To: [email protected]
Subject: (9) Review of the CIFtools workshop
From: [email protected] (Brian McMahon)
Date: Tue, 2 Nov 93 17:05:23 GMT
Dear Colleagues

Attached are my impressions of last month's workshop. This isn't intended
as a complete report of the meeting - I've made no reference to several
interesting talks that weren't directly relevant to our concerns. I believe
Phil Bourne will make the proceedings available over the network, and I'll
supply details of how to obtain them when they're distributed.

I'm also circulating copies of this to Nick Spadaccini and Phil Bourne, who
are invited to correct any errors of fact and debate any matters of
interpretation (mail me at [email protected], guys). 


            CIFtools Workshop Tarrytown NY 15-18 October 1993
            -------------------------------------------------

This workshop was funded by the National Science Foundation to promote the
development of tools for handling macromolecular data in CIF format. It was a
sequel to a workshop in York in April 1993, on the theme of data validation
in macromolecular crystallography. Several participants at both meetings
characterised the York workshop as an event of some significance in the
acceptance and development of the CIF format for data archive and transfer in
this field. It was felt that many participants had come to York with no
particular enthusiasm for CIF. However, the (often animated) discussions at
York had persuaded many of the participants whose particular interests lay in
the sphere of database operations that CIF could be used as a valuable data
transfer mechanism if it were enhanced to indicate explicit relationships
between data items. The recent Workshop was characterised by broad acceptance
of the CIF modifications brought about since York, and an eagerness to
promote applications using the extended CIF format.
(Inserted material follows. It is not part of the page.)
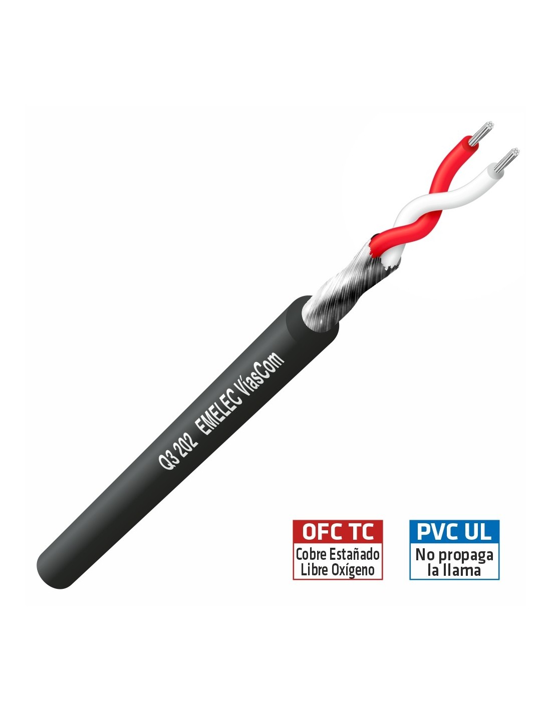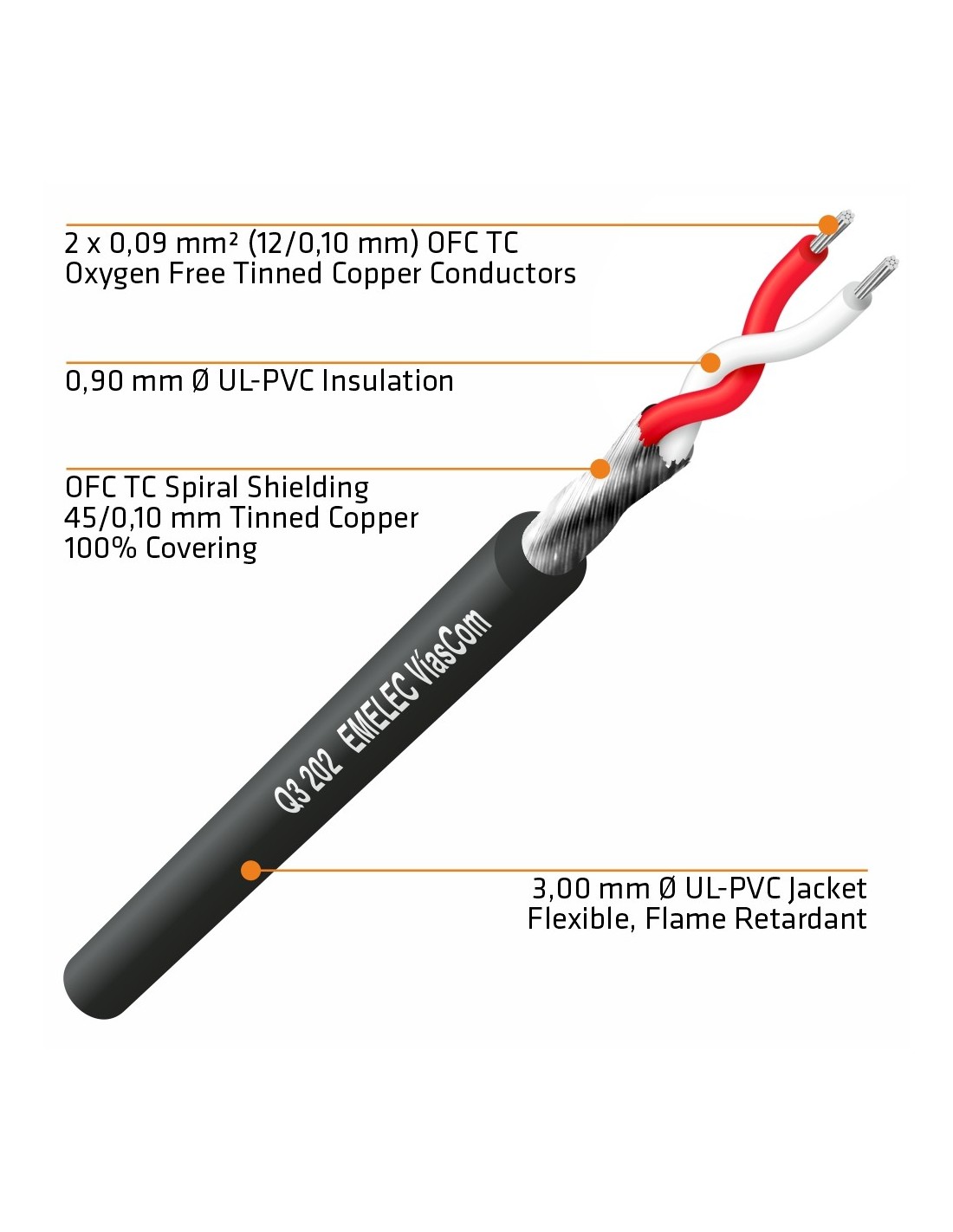 •Cable de audio balanceado de 0,09 mm² de sección de reducido volumen que incorpora un blindaje en espiral de cobre estañado OFC que lo protege eficazmente de las interferencias electromagnéticas.

The major changes to the CIF format following the York meeting were extensions
to the dictionary definition language (DDL) that is used to define terms in
CIF dictionaries. In particular, the term _category was introduced to
associate data items possessing some common relationship [such relationships
were previously implicit in the hierarchical name elements of a CIF data
name]; and _list_link_child and _list_link_parent terms were introduced to
describe relationships between data appearing in different lists [thus, the
atoms partaking in bonds are labelled by _geom_bond_atom_site_label_1 and
*_2; these must take the values of atom site labels as listed in the
coordinates loop, and so they have a _list_link_parent of _atom_site_label].
Other DDL terms were also introduced to constrain or relate data that should
appear together in a list: _list_reference is the data item present in a list
which allows references to that list; _list_mandatory signals whether the
data item must be present in a list of items of the current _category; and
_list_uniqueness describes those data items which must (singly or in
combination) appear uniquely in a valid list.

These changes taken together permit a detailed description of list
structures that may appear in a CIF, and fulfil most of the requirements of
relating data access across tables in a relational database representation.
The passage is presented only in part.